Running the query once for every line of input from the file might actually be the right idea, if you prepare the SQL statement only one time, and then execute it on each row of input, like this:
use DBI;
my $dbh = DBI->connect( ... ); # get your database handle
my $sql = "select i.name, i._eid, i.num, i.val, m.code from ...".
" where i.name = m.code and m.code = ?"; # "?" is a "placeh
+older"
my $sth = $dbh->prepare( $sql );
open( R, "<", $datafile_name ) or die "$datafile_name: $!\n";
while (<R>)
{
chomp;
my ( $ref ) = ( /^([^\t]+)/ );
$sth->execute( $ref ); # value passed to execute() fills the plac
+eholder
# use one of the DBI methods for getting the query results...
}
There might be other ways to get what you want, but this is the simplest way.
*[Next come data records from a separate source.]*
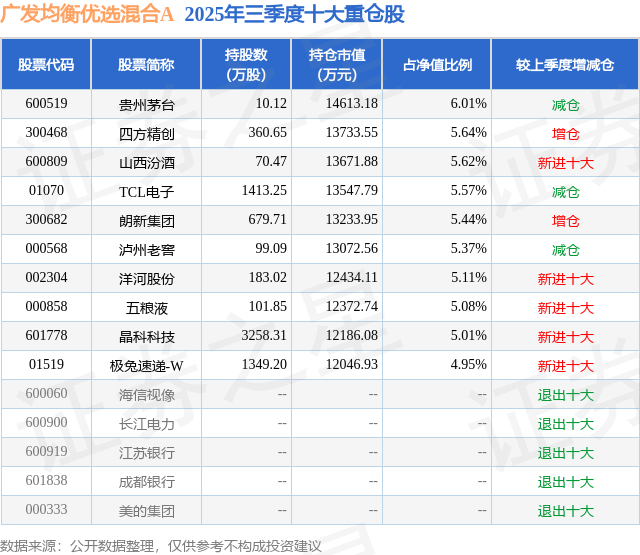 根据2025基金Q3季报公募基金重仓股数据,重仓该股的公募基金共9家,其中持有数量最多的公募基金为广发基金的广发均衡优选混合A。广发均衡优选混合A目前规模为22.82亿元,最新净值0.9013(12月18日),较上一交易日下跌0.39%,近一年下跌12.71%。该公募基金现任基金经理为王明旭。王明旭在任的基金产品包括:广发内需增长混合A,管理时间为2018年10月17日至今,期间收益率为117.74%;广发价值优势混合,管理时间为2020年3月2日至今,期间收益率为23.94%;广发稳健优选六个月持有期混合A,管理时间为2020年8月6日至今,期间收益率为-1.72%;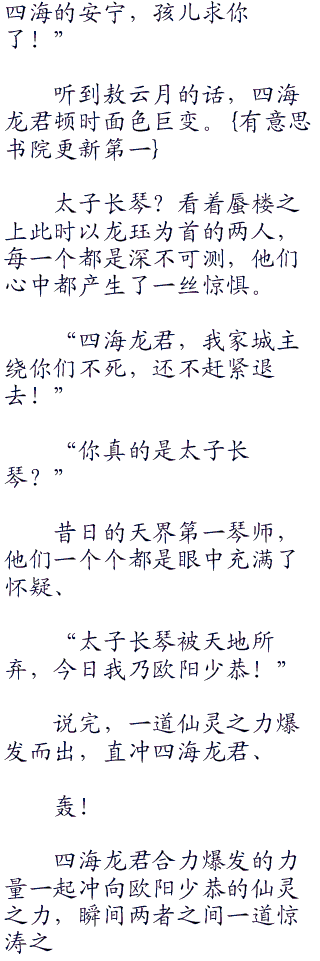 亿万神剑瞬间爆射进入海中,在敖云月的震惊之下,一声声爆响,也不知道下面的四大龙君怎么样了。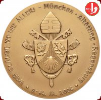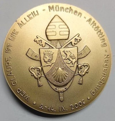 | Medaglia straordinaria coniata, emessa il 09-09-2006 dalla Santa Sede, per ricordare la vista del Papa in Germania. | |||||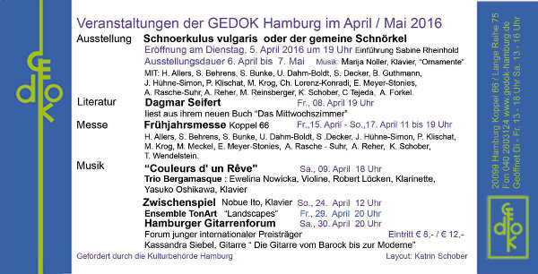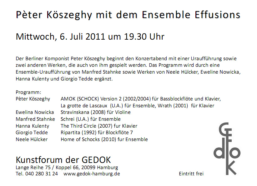 Am 06.07.2011 um 19:30 Uhr findet das Konzert des Ensembles Effusions in der Gedok Galerie Hamburg statt.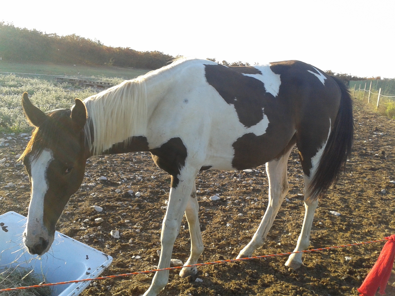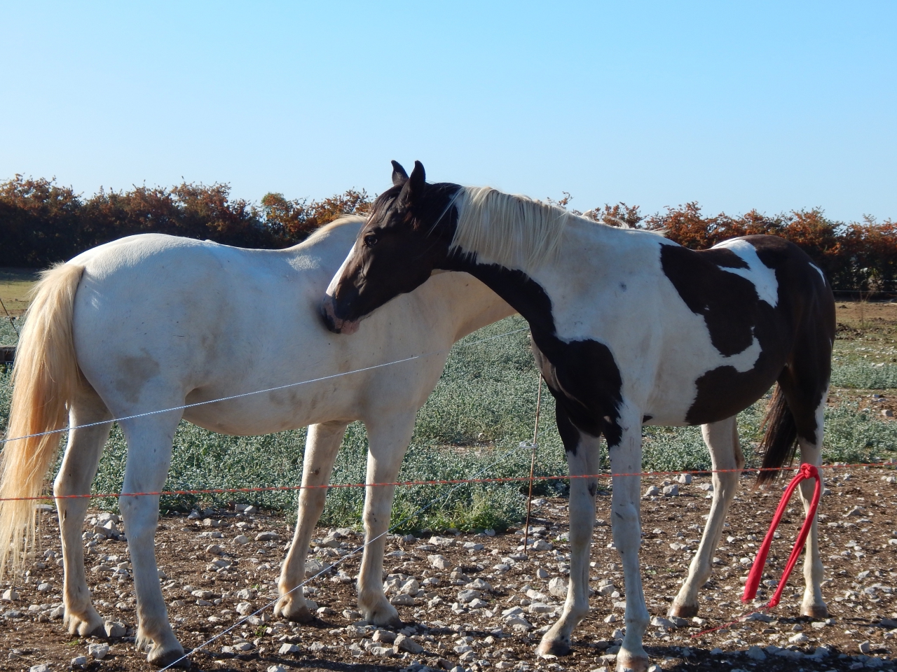 | Dire merci | bonjour à tous je vous présente Texas ,il a 17 mois;on a acheté poulinou ya 2 semaines on ne sais rien sur lui sa mère est aussi une jument pie noir mais sinon rien Sur ses papiers c'est juste inscrit ONC Selle. Il mesure près d'1,50m ![]() ![]() une photo donnée par ses anciens proprios avec sa maman ![]() Merci pour vos réponses |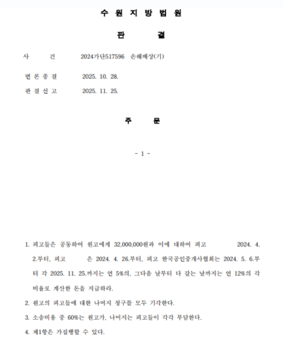 수원 전세사기 피해자 중 실질적인 배상 판결을 받아낸 매우 드문, 그리고 선례가 될 중요한 판결입니다.

Another approach would be to create a temporary table with just one field, load it with the values from your data file, and do a single query execution using an sql statement like this, and then drop the temporary table:
"select ... from ... where i.name = m.code and m.code in (select ref f
+rom tmp)"
One last possibility would be to store your data file values into a hash, run a single query that returns all the available database rows, and filter the rows by checking whether the "m.code" value exists in the hash -- something like:
my %ref;
open( R, "<", $datafile_name );
while (<R>) {
if ( /^([^\t]+)/ ) {
$ref{$1} = undef;
}
}
my $dbh = DBI->connect( ... );
my $sth = $dbh->prepare( "select m.code, ... from ... where i.name=m.c
+ode");
$sth->execute;
my $rows = $sth->fetchall_arrayref;
for my $r ( @$rows ) {
my ( $mcode, ... ) = @$r;
next unless exists( $ref{$mcode} );
# do something ...
}
As for performance, that depends on things you haven't told us: How many lines are in the data file? How big are the tables, and if they're really big, are they set up to use efficient indexes on the fields that are involved in the query?
You should probably try the simplest thing first, and if that isn't good enough, either improve the database indexing, or another approach.